Tilted Triangles

This problem is similar to this problem .

The three white triangles all have angles that are $60°$ , $\theta$ , and $120° - \theta$ and one side congruent to the side of the blue equilateral triangle, so they are all congruent by the ASA congruency theorem.

Let $A$ and $a$ be the area and side of the green equilateral triangle, $B$ and $b$ be the area and side of the red equilateral triangle, $C$ be the area of the blue equilateral triangle, $D$ be the area of each of the white triangles, and $E$ be the area of the large equilateral triangle.
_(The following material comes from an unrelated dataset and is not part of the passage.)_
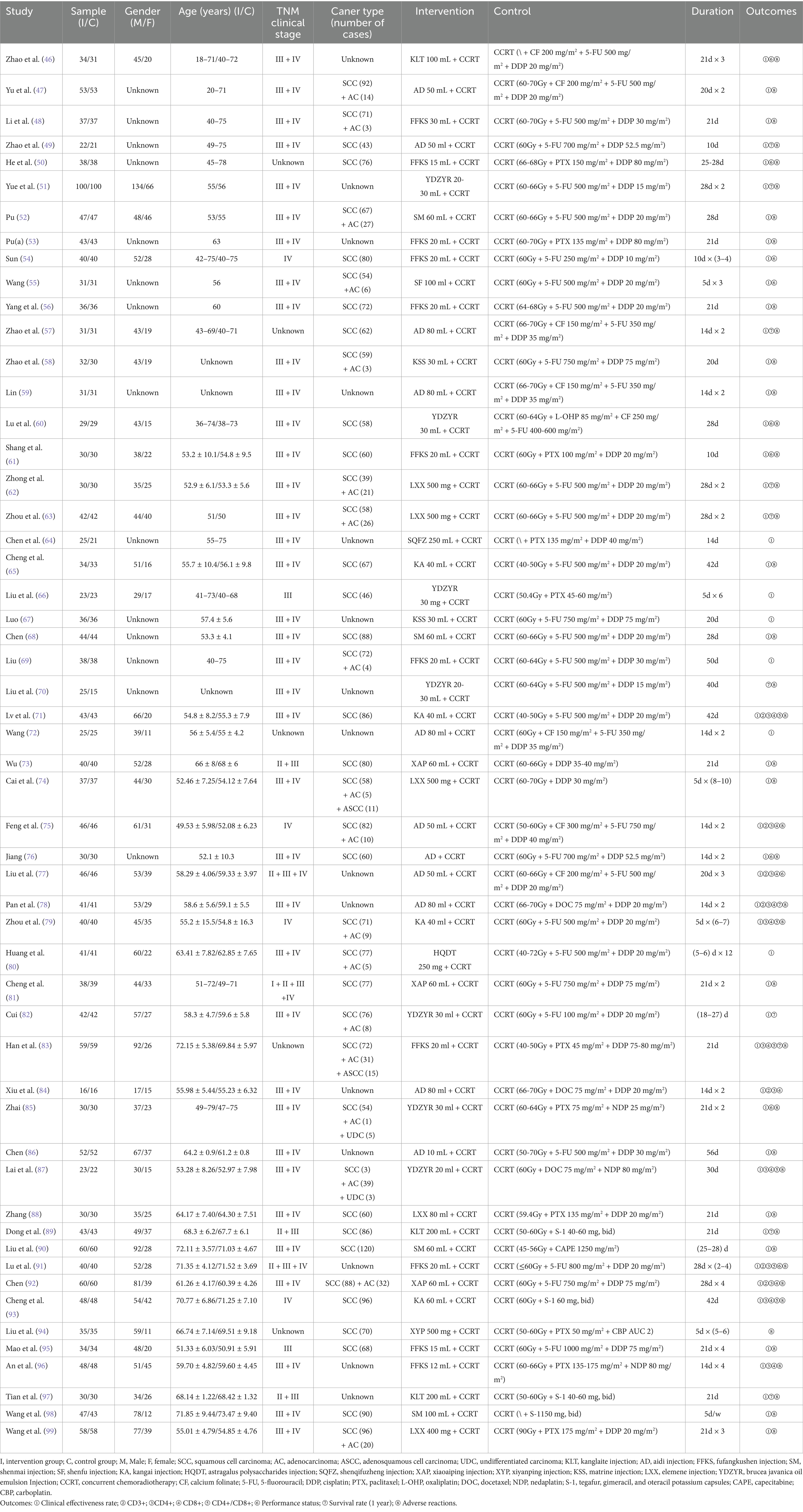The 54 eligible studies (46–99) were all conducted in China and involved 4,201 patients. Among them, 2,113 patients in the experimental cohort received CMIs+CCRT, while 2,088 in the control cohort received only CCRT. Most patients had squamous cell carcinoma (SCC) or adenocarcinoma (AC). Two studies (74, 83) focused on adenosquamous carcinoma (ASCC), and another two studies (85, 87) included cases of undifferentiated carcinoma (UDC). The TNM staging of patients ranged from stage I to IV, and the intervention durations varied from 10 to 112 days. 13 types of CMIs were involved, including AD (11 RCTs), FFKS (11 RCTs), SM (4 RCTs), SF (1 RCT), KLT (3 RCTs), KA (4 RCTs), HQDT (1 RCT), SQFZ (1 RCT), XAP (3 RCTs), XYP (1 RCT), KSS (2 RCTs), LXX (5 RCTs), and YDZYR (7 RCTs). Detailed study characteristics are presented in Table 1 and Supplementary material 4.

The sides of $E$ are then $a + b$ , and $E = C + 3D$ .

By triangle area equations,

$A = \frac{\sqrt{3}}{4}a^2$

$B = \frac{\sqrt{3}}{4}b^2$

$D = \frac{1}{2}ab \sin 60° = \frac{\sqrt{3}}{4}ab = \sqrt{AB}$

$E = \frac{\sqrt{3}}{4}(a + b)^2 = \frac{\sqrt{3}}{4}a^2 + 2\frac{\sqrt{3}}{4}ab + \frac{\sqrt{3}}{4}b^2 = A + 2D + B = A + B + 2\sqrt{AB}$

$C = E - 3D = (A + B + 2\sqrt{AB}) - 3\sqrt{AB} = A + B - \sqrt{AB}$

In this question, $A = 50$ and $B = 98$ , so $C = 50 + 98 - \sqrt{50 \cdot 98} = \boxed{78}$ .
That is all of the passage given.